Set in Reading, Pennsylvania, Sweat depicts the unraveling of a small-town community built around a single steel company. In the wake of the 2008 depression, many steelworkers were laid off, and the effects were devastating on both a corporate and a human level. “The play asks how a small American city can go from being a beacon of economic prosperity to a place where 41 percent live below the poverty line,” said MacKinnon. “That’s a big, messy social science question. But it’s also a question for theater.”
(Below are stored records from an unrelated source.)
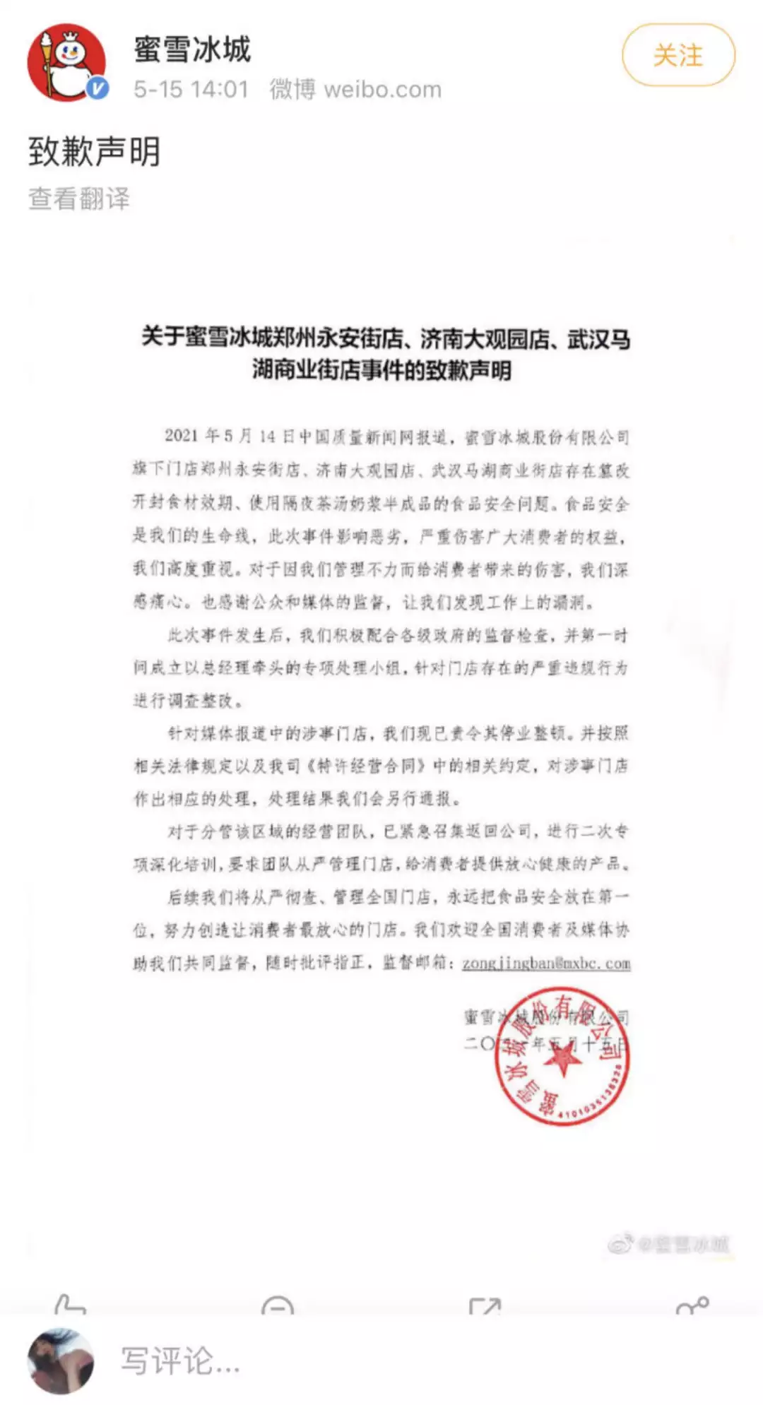 去年5月,蜜雪冰城因使用隔夜茶汤,篡改等食材时期等问题,被郑州市市场监管总局约谈。随后,郑州责令蜜雪冰城对35家门店进行整改,3家门店立即停业整改,并下达行政处罚决定书。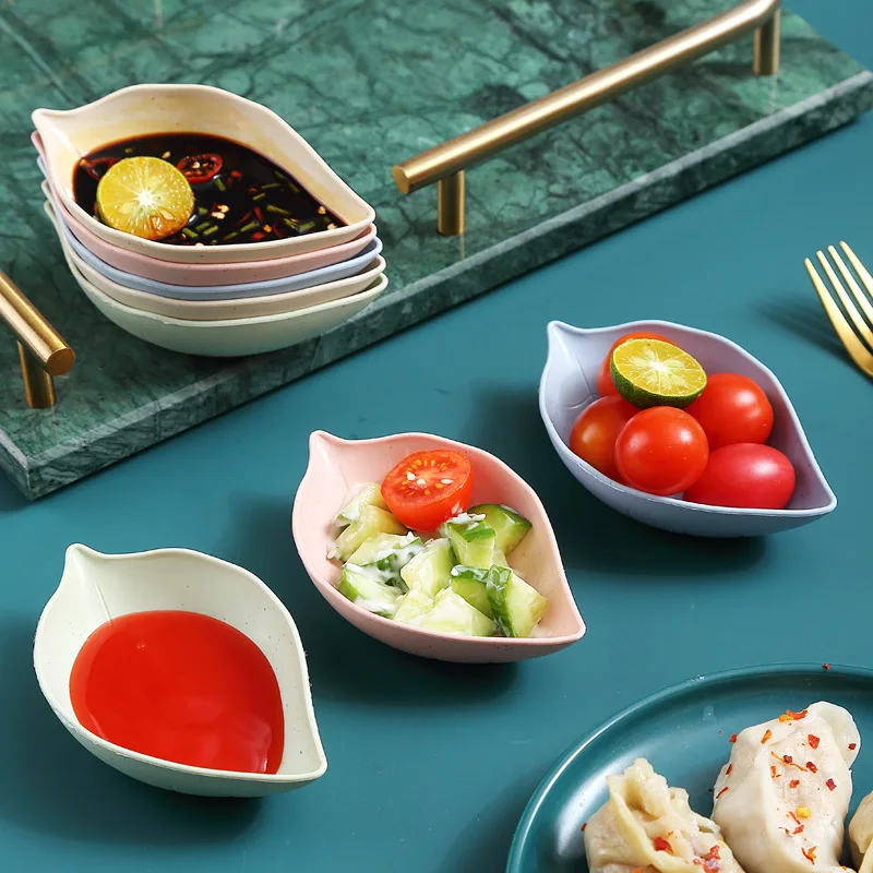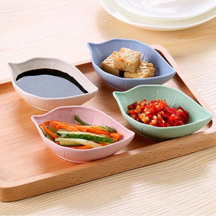 1PC Wheat Straw Dipping Dishes Snacks Dish Food Storage Tray Nut Platter Fruit Dumpling Saucer Appetizer Seasoning Plate Holder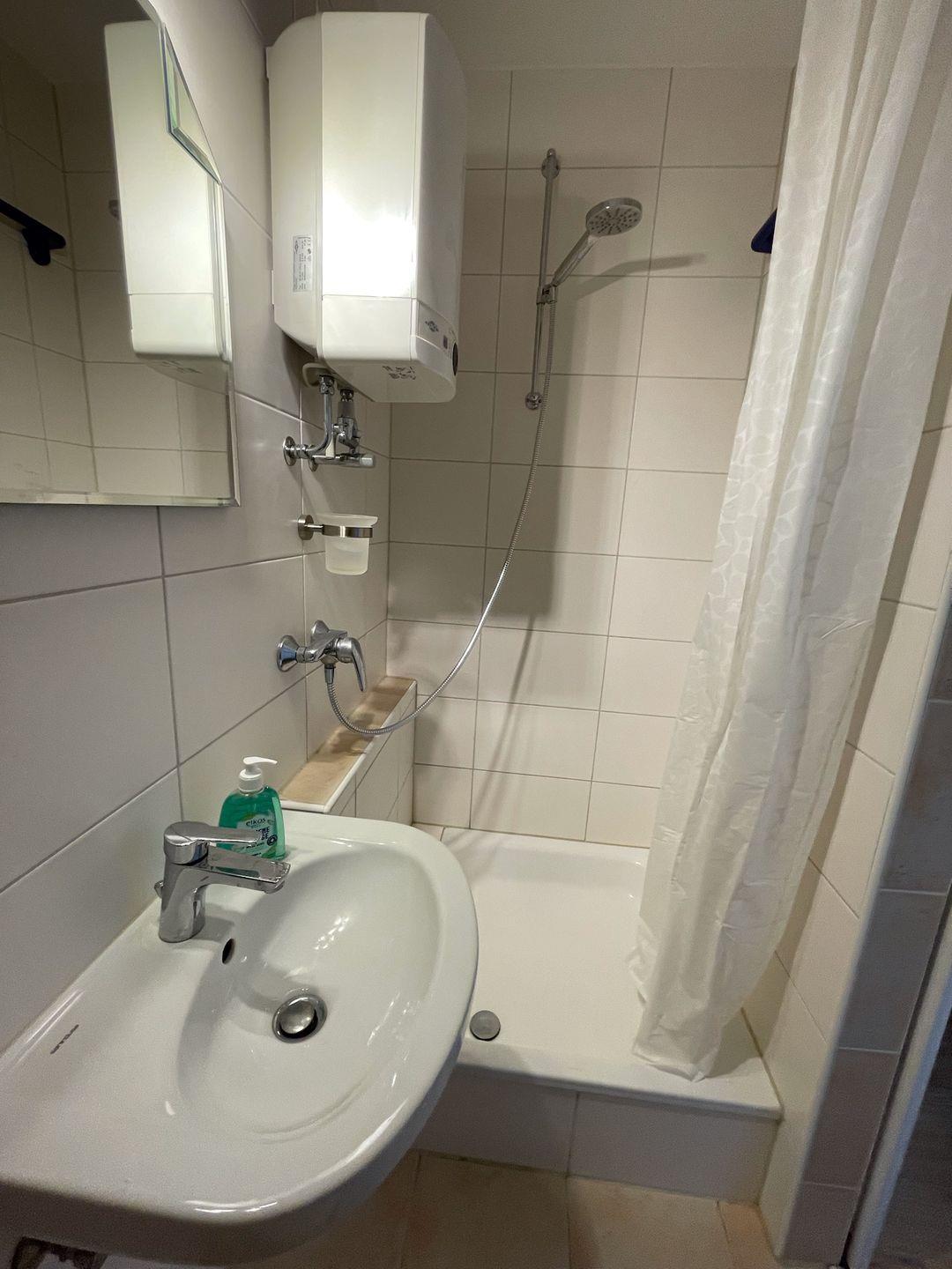 Das Schlafzimmer bietet Platz für zwei Personen und sorgt für erholsame Nächte. Das Badezimmer ist modern gestaltet und verfügt über eine Dusche, ein WC sowie ein Waschbecken. Teil der Ausstattung ist auch ein Wäscheservice, falls Sie während Ihres Aufenthaltes frische Handtücher oder Bettwäsche benötigen.

Playwright Lynn Nottage spent many months in Reading, getting to know real, working-class people affected by the collapse of the steel industry, enabling her to infuse these characters with deep humanity. It was the honesty of their experience that drew Greco to the script. “Part of the American Dream is that we work hard and we’re rewarded,” says Greco. “You work hard, you show up every day, you give it your all. And the real reward is that your kids will get to live better than you. These are the first couple of generations where we see that isn’t the case.”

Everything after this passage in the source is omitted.